APPELLATE TERM OF THE SUPREME COURT, FIRST DEPARTMENT


December 18, 2009

ALPHONSE HOTEL CORP., PETITIONER-LANDLORD-RESPONDENT,
v.
DESTINY ROSEBOOM, RESPONDENT-TENANT-APPELLANT.

Tenant appeals from an order of the Civil Court of the City of New York, New York County (Gerald Lebovits, J.), dated October 3, 2008, which granted landlord's motion for summary judgment in a holdover summary proceeding.

Per curiam.

Published by New York State Law Reporting Bureau pursuant to Judiciary Law § 431.

This opinion is uncorrected and subject to revision before publication in the printed Miscellaneous Reports.

PRESENT: McKeon, P.J., Schoenfeld, Heitler, JJ.

Order (Gerald Lebovits, J.), dated October 3, 2008, reversed, without costs, and landlord's motion for summary judgment is denied.

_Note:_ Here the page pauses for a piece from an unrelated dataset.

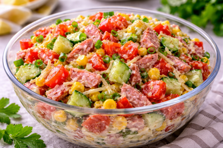 Копченая колбаса — 200 г, сыр — 200 г, болгарский перец — 2 шт., помидоры — 3 шт., огурец свежий — 1 шт., зеленый лук — 1 пучок, кукуруза консервированная — 1 банка, майонез — по вкусу, соль — по вкусу, перец — по вкусу.

The proper resolution of this nonpayment summary proceeding, and tenant's rent overcharge counterclaim, rests upon whether the demised hotel unit is subject to rent stabilization coverage, a question which, in turn, hinges on whether the "rent charged" for the unit was less than $350 per month or $88 per week on May 31, 1968 (Rent Stabilization Law of 1969 [Administrative Code of City of NY] § 26-506[a]; see Towers Hotel Investors Corp. v Davis, 54 AD2d 730 [1976], affd 42 NY2d 923 [1977]). In moving for summary judgment, petitioner-landlord failed to submit evidence sufficient to establish as a matter of law the deregulated status of the hotel unit. The sparse documentation relied upon by landlord, including the 1968 edition of the national "Hotel & Motel Red Book" indicating that single-occupancy rates for any of the 700 units in the subject hotel premises ranged from between $11 to $14 per day at that time, fell short of meeting landlord's initial burden to establish prima facie that the rental value of tenant's unit exceeded the applicable monetary floor on the statutory base date. Significantly, the $11 minimum daily rate referenced in the 1968 red book, projected over a weekly or monthly rental, serves to undermine landlord's litigation position.

Nor should collateral estoppel effect be given to a jury finding of no stabilization coverage, made in connection with a prior eviction proceeding brought against another tenant of a different unit located on the same floor of the hotel premises. By virtue of her status as a nonparty in the earlier eviction proceeding, tenant was not afforded "a full and fair opportunity to contest the [determination] now said to be controlling" (Schwartz v Public Adm'r of County of Bronx, 24 NY2d 65, 71 [1969]; see Liss v Trans Auto Sys., 68 NY2d 15 [1986]).

We note that upon the trial of this matter the landlord, not tenant, will bear the evidentiary burden to establish the 1968 rental value of the hotel unit (see Alphonse Hotel Corp. v Fusco, 189 Misc 2d 219 [2001]).

THIS CONSTITUTES THE DECISION AND ORDER OF THE COURT.